The more code I have written, the more convinced I become that "general" solutions almost never pay for themselves when you compare the implementation and/or performance complexity required to make them work.

It's almost always better to "just write the damn code" and solve the exact problem you actually have.

If every time you do it is a one-off, yes. If your business is essentially nothing but aggregating datasets (which may themselves be aggregates of still more datasets), then by the third time you've solved the exact problem, you're going to see commonalities. You abstract those out so that the fourth, fifth, and sixth problems don't have to re-write that part. After a while, you've built out enough abstractions that you're programming the migration process itself, not each migration.

Add in the fact that your business depends on doing it at scale, ingesting live data as it is generated, and developing an entity resolution system is almost a no-brainer.

Yes and no.

They don't pay if you try to generilize before you have a problem.

If you have a frequent use case that follows the same patterns, then you probably can benefit from an abstraction layer.

But trying to build an abstraction layer before even having a use case then yes, it usually doesn't pay off.

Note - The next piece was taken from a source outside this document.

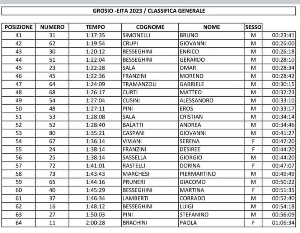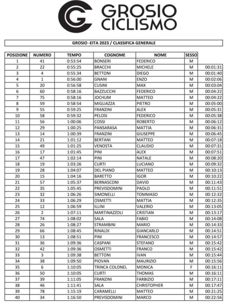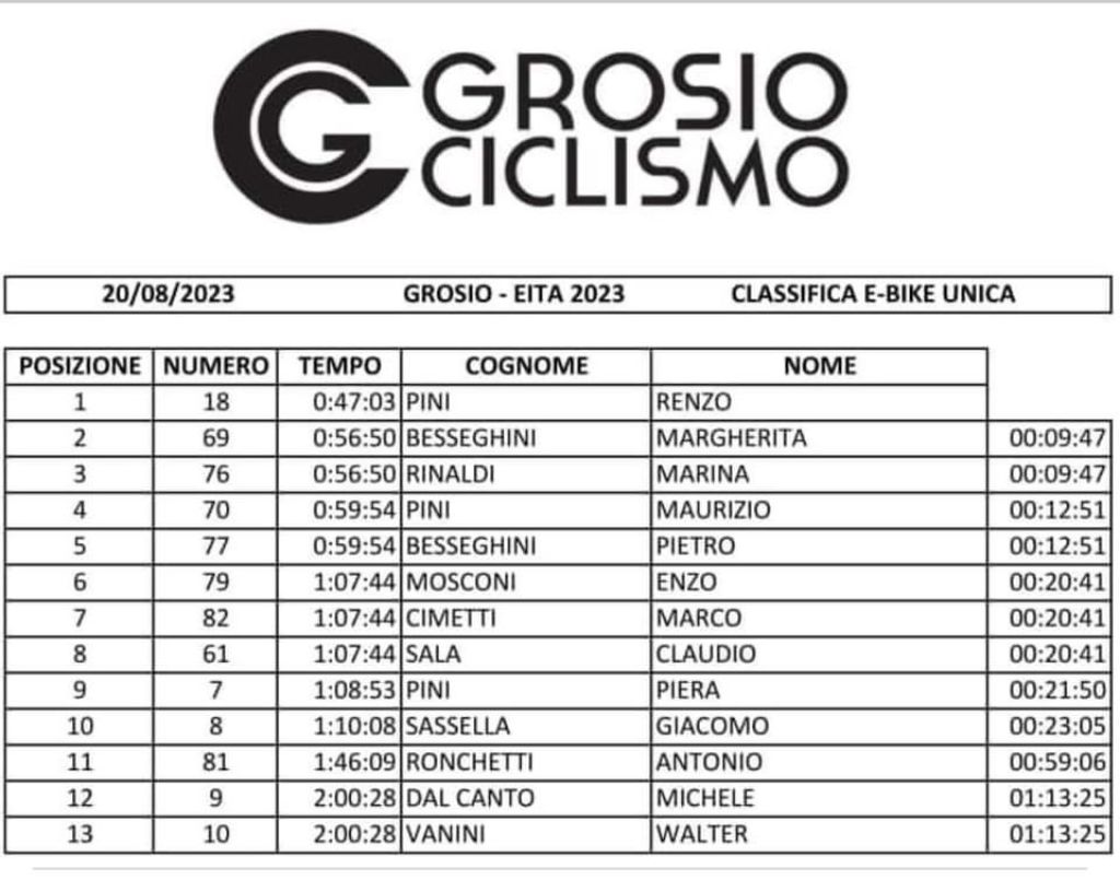 Nonostante il caldo ben 64 appassionati della corsa in bicicletta e della E-BIKE (13 concorrenti ) hanno partecipato domenica 20 agosto alla tradizionale gara Grosio/Eita, organizzata dalla Grosio Ciclismo. Da ben tre anni la gara è dedicata anche a Marino Zanetti, che ha partecipato molte volte alla manifestazione sportiva, salendo spesso sul podio. Marino è nei cuore dei valposchiavini ma anche di tanti valtellinesi che hanno saputo apprezzarlo sia come sportivo ma sopratutto come persona, si molto riservata, ma dal cuore d’oro. Solitamente sono tanti i valposchiavini che partecipano a questa gara, ma quest’anno visto la concomitanza con la Valmalenco/ Valposchiavo (anche dedicata a lui), a gareggiare c’era solo il suo grande amico e rivale in tante gare Matteo Jochum giunto al traguardo in settima posizione (0:58:16). Durante la premiazione è stata ringraziata dal commentatore Carlo Tonini, Cecilia Zanetti, la mamma di Marino per aver offerto i trofei. Anche Cecilia ringrazia di cuore, organizzatori e partecipanti, e si scusa di non essere stata presente alla gara, ma con la promessa che ci sarà il prossimo anno. Per la cronaca la gara è stata vinta da Bonseri Federico (0:53:54), e per le donne da Trinca Colonel Monica (1:10:05). Si ringrazia Pini Stefano per le foto.

We did a great many of them over the decades; I find the mongoldb ones we encountered the most horrible (even compared to vague 80s + 90s plain text formats as they usually at least had some documentation as to what the developer was storing and how), but in general, we found the most reliable and, when you are used to it, the fastest (in the end) is creating types for everything and convertors from one to the other type. We did try other (more sloppy) ways before it and they always kind of result in bad quality. We have noticed that making (very exact) types for everything when doing complex conversions works well. Most notably, we try to avoid stringy types and add a lot of validations in the deserialisers. You can run conversions 10 years later on new batches and still get understandable errors.
> try to avoid stringy types and add a lot of validations

Right there you've stated a key practice that may, by itself, be 80% of the solution. Of course there's no "right" set of of types, but just putting the work into thinking about the types and the essential constraints will drive towards exposing and eliminating assumptions that will come back to bite later.

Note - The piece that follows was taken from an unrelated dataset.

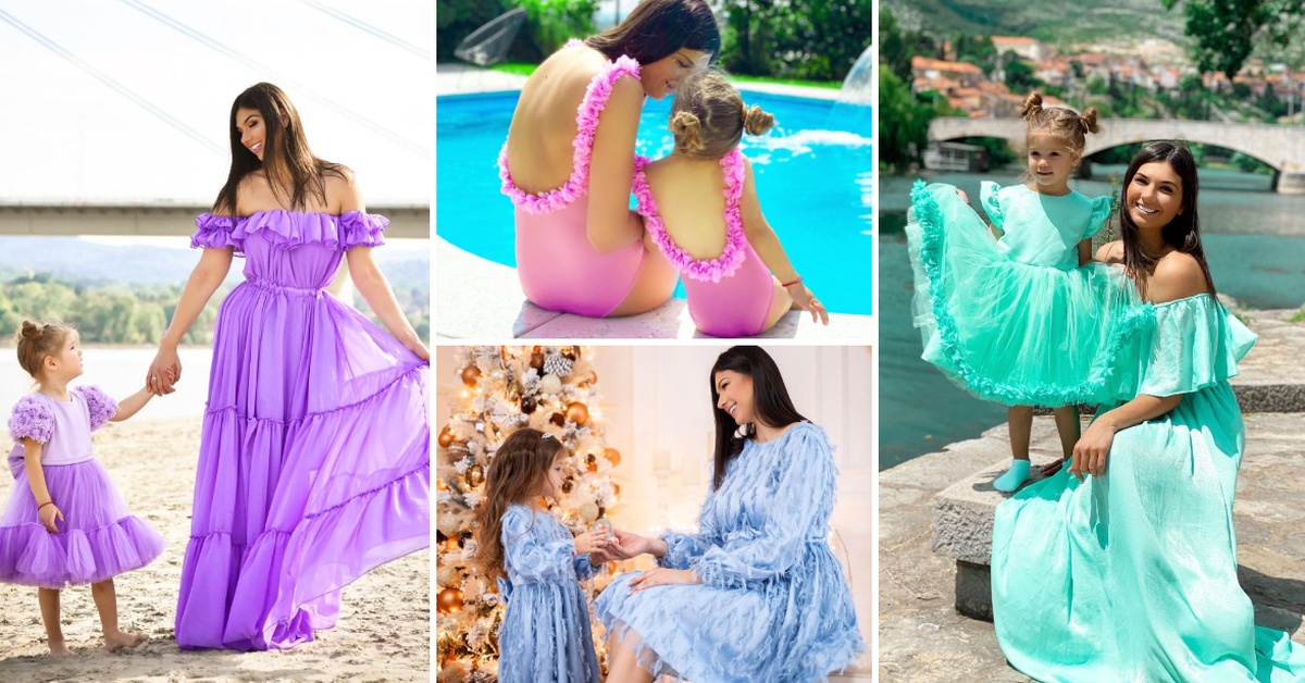 Модерната мајка од Србија се облекува во складни комбинации со малата ќеркичка, а тоа ѝ помага во промоцијата на креациите кои ги продава.

Another huge chunk of problems can come from over-reliance on language primitive types. Is that numeric field really an integer, meaning that any signed value representable in 32, 64, or however many bits, including zero, is valid? Probably not. To give an example: A person's age is not an signed integer, it's a duration, we don't expect it to be negative. Maybe we should flag values above 90 or 100. If you're doing a one-off, that's the sort of thing you can code once and forget. If you dataset migration is your business, your Age type needs to be more robust, and perhaps there's even a need for the behavior of Age to vary with the domain.

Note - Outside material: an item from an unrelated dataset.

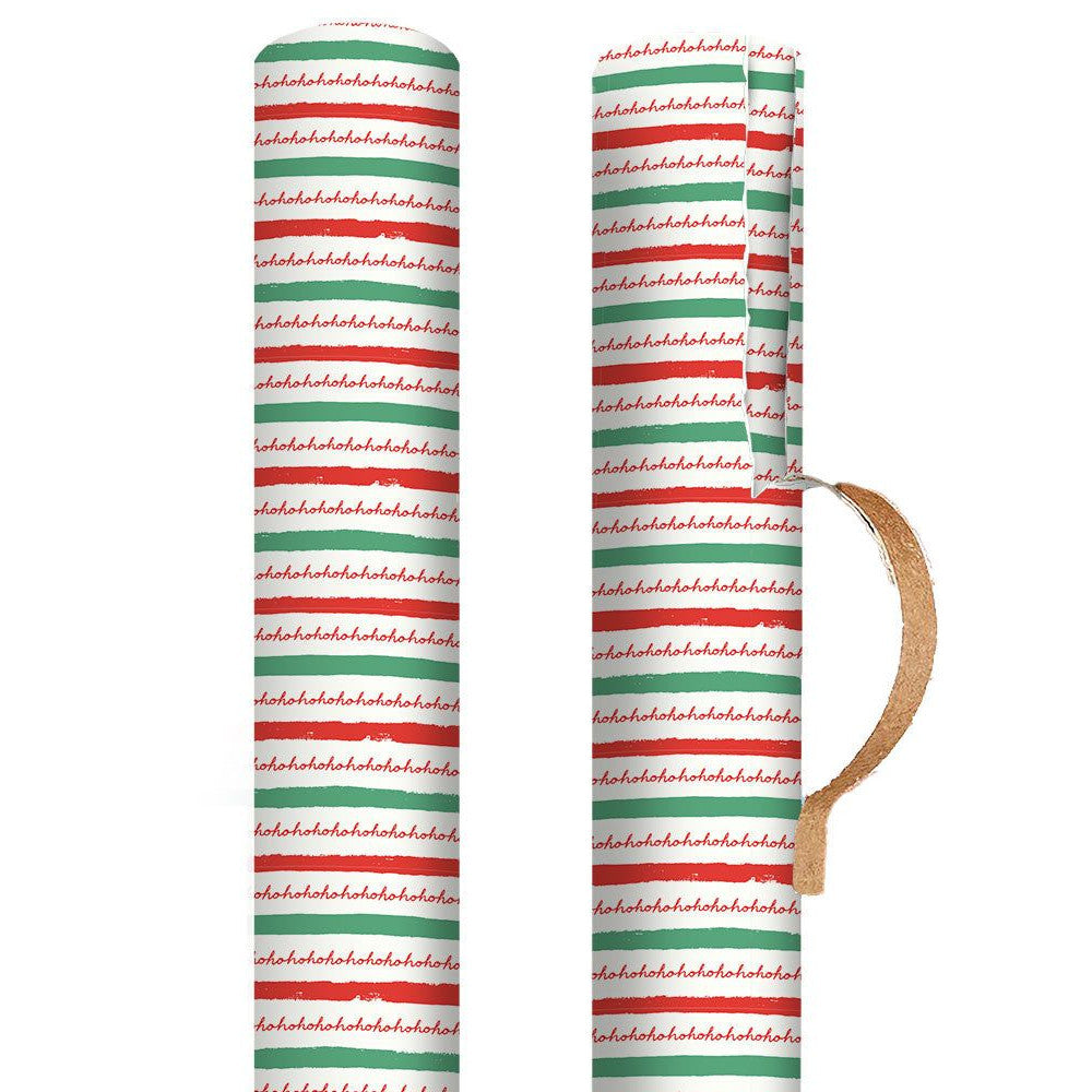 Cheerful holiday gift wrapping paper featuring a festive candy-cane striped design in red and green with ho ho ho text in between,

Which language did you use to encode these types?
We work in C# mainly; unfortunately; I have been in favour of F# for a long time, but it's just not popular enough so it would make our (already large, with decades of work) codebase less maintainable. However it does not really matter as long as you can make the types (classes in the case of C#) precise enough. You can indeed (see the other commenter) make (an) Age classe(s) which will give a nice error message if you do something illegal, for instance;

    int i = -2; 
    Console.WriteLine((Age)i); 
    Console.WriteLine((Age)200);
    Console.WriteLine((AdultAge<UnitedStates>)17);
will throw three Exceptions. We define every single piece of data like that.
Programs become messy, abstractions become leaky, glue code helps fix these problems
One thing that evolved over the years is swagger. It is a defined way to document APIs - the endpoint, return type, returning data structure, arguments, behavior, etc. Microsoft took this as a way to connect different APIs in their logic app (think of workflow definition like an advanced version of ifttt, n8n, ...). It certainly doesn't remove the need for glue code but it reduces the amount of it! On the flip side you have up the control of the program flow by using their framework that handles all the connections between APIs.
All swagger really is is a tool for formalization of HTTP/JSON interfaces. And that's great! Formalized interfaces are really the best way to reduce the need for glue-code and post-processing, since the parties on both sides can agree on the exact target their shooting for.
The simplest solution to having N data types and N^2 conversions between them is to have a canonical data type and 2N conversions between that one type and the rest.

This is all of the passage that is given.